Грудь его была наполнена безысходной тоской, и он тихо сказал:

— Это было бы лучше всего…

— Прекрасно, — кивнула она. — Когда ты спустишься с плато на луг, остановись на краю леса. Там и растет эта трава, хотя теперь от нее остались лишь увядшие листья. Но торопись, а то скоро выпадет снег! У этой травы пятиконечные листочки, похожие на ладонь. Разотри их в порошок и съешь! И сможешь спокойно продолжать путь.

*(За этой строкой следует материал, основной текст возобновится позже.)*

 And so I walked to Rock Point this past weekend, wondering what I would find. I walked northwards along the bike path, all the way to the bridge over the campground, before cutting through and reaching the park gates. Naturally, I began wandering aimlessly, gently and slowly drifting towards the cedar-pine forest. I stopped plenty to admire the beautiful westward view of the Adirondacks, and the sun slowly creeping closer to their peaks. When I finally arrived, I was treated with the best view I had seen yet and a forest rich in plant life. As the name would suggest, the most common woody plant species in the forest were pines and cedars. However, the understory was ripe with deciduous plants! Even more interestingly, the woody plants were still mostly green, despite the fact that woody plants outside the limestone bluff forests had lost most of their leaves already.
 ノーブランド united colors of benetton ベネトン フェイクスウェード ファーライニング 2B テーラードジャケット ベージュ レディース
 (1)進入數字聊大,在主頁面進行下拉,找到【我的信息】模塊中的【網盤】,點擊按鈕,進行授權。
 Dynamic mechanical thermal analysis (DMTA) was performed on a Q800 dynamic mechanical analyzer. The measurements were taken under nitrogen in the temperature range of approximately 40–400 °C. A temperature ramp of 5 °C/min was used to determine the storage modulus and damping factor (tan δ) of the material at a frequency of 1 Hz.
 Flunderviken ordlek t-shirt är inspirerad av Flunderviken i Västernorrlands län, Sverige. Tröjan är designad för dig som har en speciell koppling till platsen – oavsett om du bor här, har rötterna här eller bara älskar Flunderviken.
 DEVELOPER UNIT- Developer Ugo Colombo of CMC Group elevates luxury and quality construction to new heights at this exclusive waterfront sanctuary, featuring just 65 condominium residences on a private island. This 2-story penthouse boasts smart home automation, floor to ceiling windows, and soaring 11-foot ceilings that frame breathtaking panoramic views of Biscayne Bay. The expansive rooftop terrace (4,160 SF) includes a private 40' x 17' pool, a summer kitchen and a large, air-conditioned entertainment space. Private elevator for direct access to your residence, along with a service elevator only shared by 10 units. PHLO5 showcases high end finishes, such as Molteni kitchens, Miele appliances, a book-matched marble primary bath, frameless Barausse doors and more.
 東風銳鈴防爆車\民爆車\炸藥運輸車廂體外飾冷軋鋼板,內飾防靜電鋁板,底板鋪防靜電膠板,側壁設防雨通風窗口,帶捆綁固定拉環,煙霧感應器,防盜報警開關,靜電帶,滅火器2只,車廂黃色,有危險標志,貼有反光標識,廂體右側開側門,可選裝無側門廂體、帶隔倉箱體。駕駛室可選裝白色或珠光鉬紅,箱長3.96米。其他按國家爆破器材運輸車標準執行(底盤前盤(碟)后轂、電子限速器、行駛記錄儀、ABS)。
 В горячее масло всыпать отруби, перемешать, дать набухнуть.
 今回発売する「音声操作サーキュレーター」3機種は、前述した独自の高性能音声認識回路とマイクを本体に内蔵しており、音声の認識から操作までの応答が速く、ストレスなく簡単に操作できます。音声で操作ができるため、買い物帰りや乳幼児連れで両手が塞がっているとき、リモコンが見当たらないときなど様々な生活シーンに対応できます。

Он обернулся, чтобы поблагодарить ее, но обнаружил, что рядом никого нет. В растерянности он снова сел на коня. Было ли это на самом деле? Не было ли это просто фантазией его измученной души?

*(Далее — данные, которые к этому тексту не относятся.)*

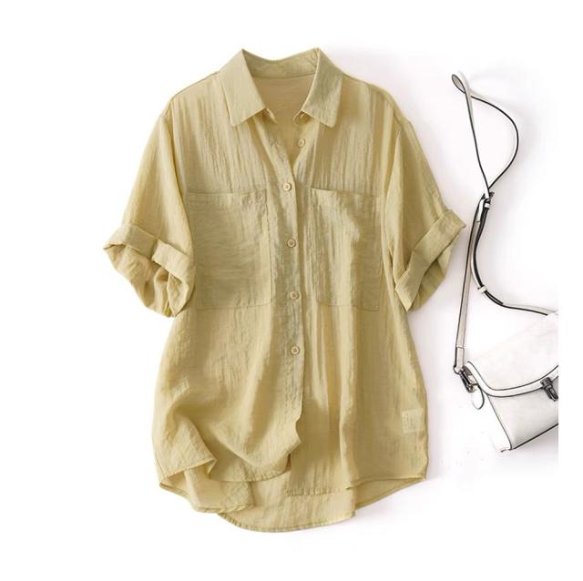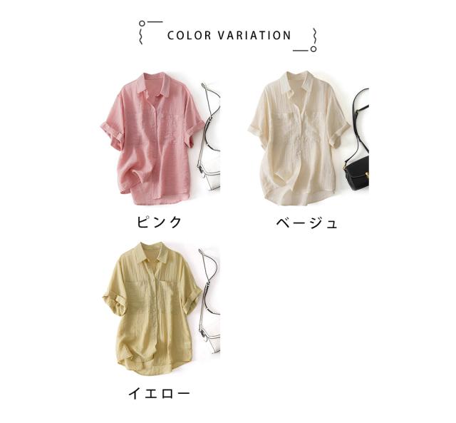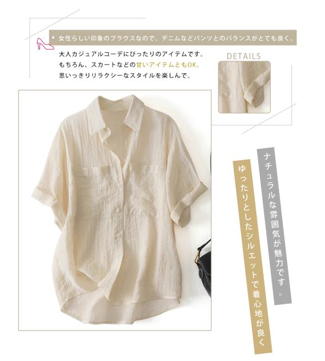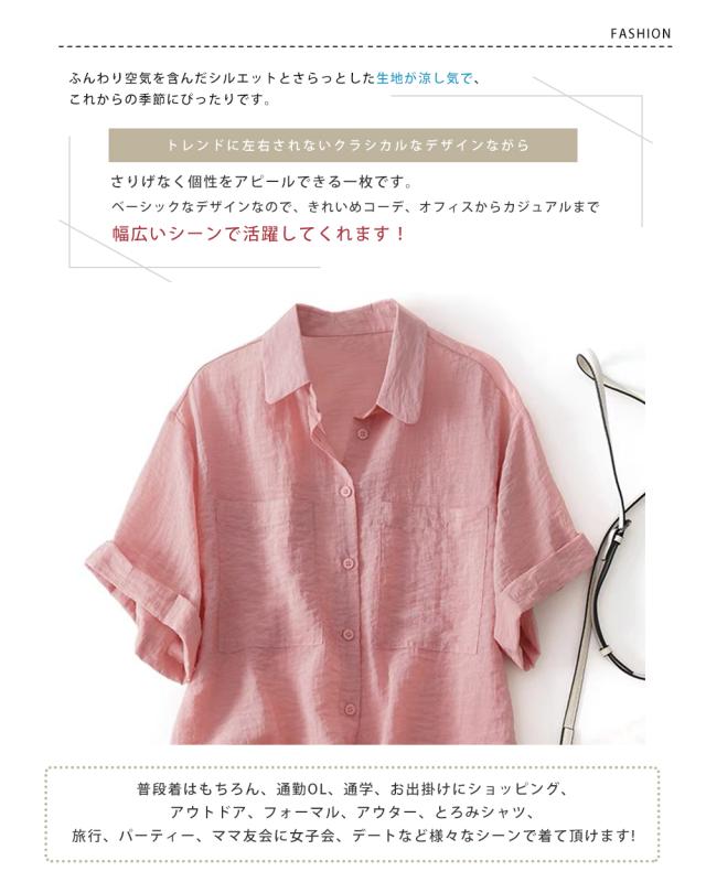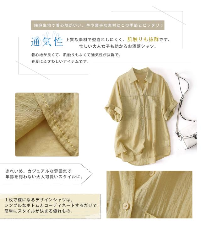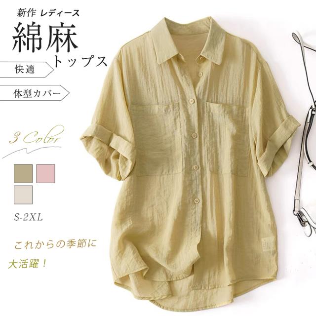 シャツブラウス レディース 綿麻 シャツ 半袖 ブラウス 前開き コットンリネン 柔らかい 大きいサイズ 涼しい 夏 薄手 カジュアル トップス 通気性 通勤 おしゃれ 大人 通学 ビジネス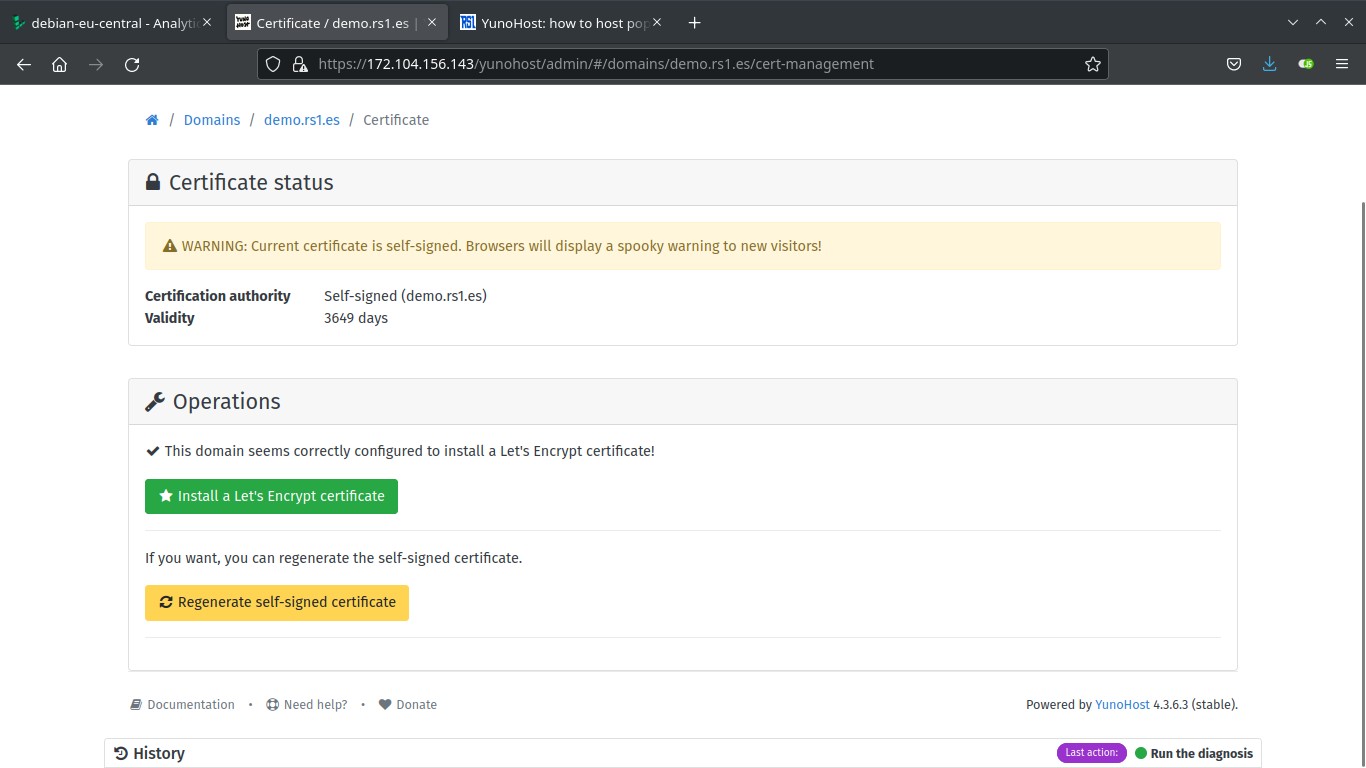 Before that, ensure you can access YunoHost with your configured domain and go to Domains, click on the domain and add a new LetsEncrypt SSL certificate, so you can go to https://your-domain.com without seeing that horrible certificate warning. To be able to add the certificate, you need to have configured DNS records for IPv4 and IPv6. After creating the certificate, checked that it works.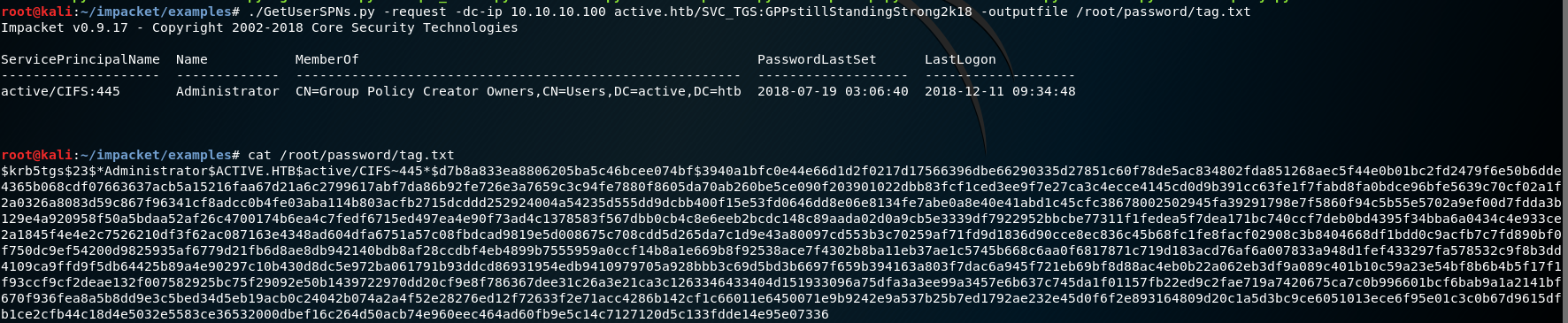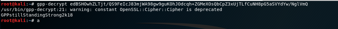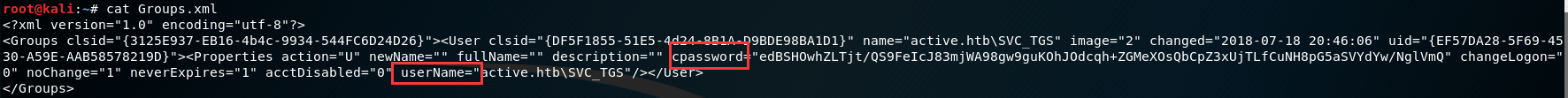 之后利用KALI自带的解密组策略秘密的工具进行解密,得到密码。

Через полчаса он спустился вниз на каменистую равнину. Остановившись, Хейке слез с коня и принялся искать эту траву на обочине дороги, на самом краю леса.

Вскоре он нашел маленькое растение с остатками пятиконечных листьев, слегка припорошенных мокрым снегом. Оборвав листья, он выпрямился.

Он долго стоял так, держа их в руке, поглаживая их пальцами другой руки.

Теперь он имел представление о чувствах, испытываемых одним человеком к другому человеку: представление о нежности. Чудесное ощущение взаимосвязи, привязанности — совершенно ошеломляющее чувство, о котором он не осмеливался даже и мечтать.

«Разотри листья в порошок и проглоти их!»

Его рука инстинктивно сжалась, и он услышал сухой хруст. Разжав ладонь, он увидел коричневый порошок.

Потом тряхнул головой, словно желая вернуться к реальности. Что он, совсем рехнулся, собираясь съесть сухую траву? Будто бы это и в самом деле поможет! Наверняка это его собственная фантазия сыграла с ним такую шутку!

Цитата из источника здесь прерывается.